If you live in the area and work in Richmond your only alternative is to use the Amtrak in Newport News.  The problem with that is getting to the train station in Newport News.  Richmond has two Amtrak stations, Hampton Roads has one in two different cities, Richmond or Williamsburg.  Expect to pay at least $20 one way to make this trip.  That can add up and is not cost effective as you are looking at $200 a week.  Driving from Norfolk to Richmond is a different matter. 

You can take I-64 West, but you can also take VA-10 West as well.  The latter can take up to an extra 40 minutes.  It’s a strange route.  The proposed link between Richmond and Norfolk involves running a train along US 460, a four lane highway that will actually take you from here all the way into West Virginia.  It is two lanes each direction.  Seeing how Richmond and Norfolk are the two cities that people think about when you talk about Virginia it makes sense for both areas to be connected.  This may also be another step towards bringing the two metropolitain areas together, and hopefully will get some of the people on I-64 towards Richmond off of that road. 

It would not be an issue if there were three of four lanes from this area towards Richmond, as there are going from Richmond to Washington DC.  The idea is that passengers would not just hit Richmond from here through the train, but also take the train from Richmond to Washington DC.  That route is expensive too; you can easily spend $40 each way.  Trains between cities in this region is a great idea but Amtrak is prohibitively expensive for most people.  People may opt to use the service to go from Richmond to Norfolk or Richmond to DC on occassion but you would not use it as your primary means of going between cities.

What is practical and would work is linking up the cities to each other by rail.  Currently The Tide is using the tried and true method of running the rail line along the highway in Norfolk up to the city limits of Virginia Beach.  When the line is built in Virignia Beach it would probably continue to run along the highway on old tracks that would be retrofitted to handle light rail.  If you consider that there are five highways in this region (I-64, I-264, I-464, I-564 and I-664) it is forseable that five lines could be built.  That would put us in the same boat as Washington DC, who has five lines and one under construction. 
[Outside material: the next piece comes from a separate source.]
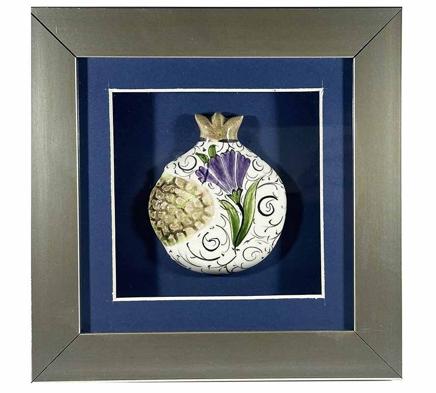 “Mor Karanfil”, İznik çini sanatının zarif çizgilerini bereketi temsil eden nar figürüyle bir araya getiren özel bir dekoratif plaket tasarımıdır. Mor karanfil motifi ve geleneksel siyah kıvrım desenleri, lacivert paspartu ve metalik çerçeve ile birleşerek modern ve klasik estetiği aynı üründe sunar. Kurumsal teşekkür hediyeleri ve özel günler için prestijli bir seçenektir.
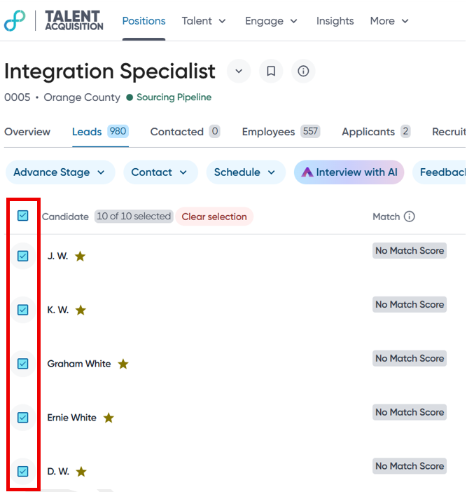 - In your Eightfold position, tick the box in front of all the applicants you wish to invite.

Typically this approach would not matter but the way in which this area is built that would be the most practical solution.  Sinking the lines and creating a true subway is impractical, and even building overhead along areas that are not already being utilized for highways is impractical.  The former is impractical because of the flooding that occurs here and the latter is impractical because it would require eminent domain.  Highways also provide some type of visual reference because building lines in the air that are not in the vicinity of anything is just weird; but in any even it will be interesting to see how light rail plays out.  But there is still plenty of underutilized space on highways that are not fully built out as even I-64 goes from being a continous road that is seperated with a concrete median to a road that has a huge grass median in which cops can turn around and face towards the direction traffic is heading and hand out tickets.  Those medians would be excellent areas in which to run the train.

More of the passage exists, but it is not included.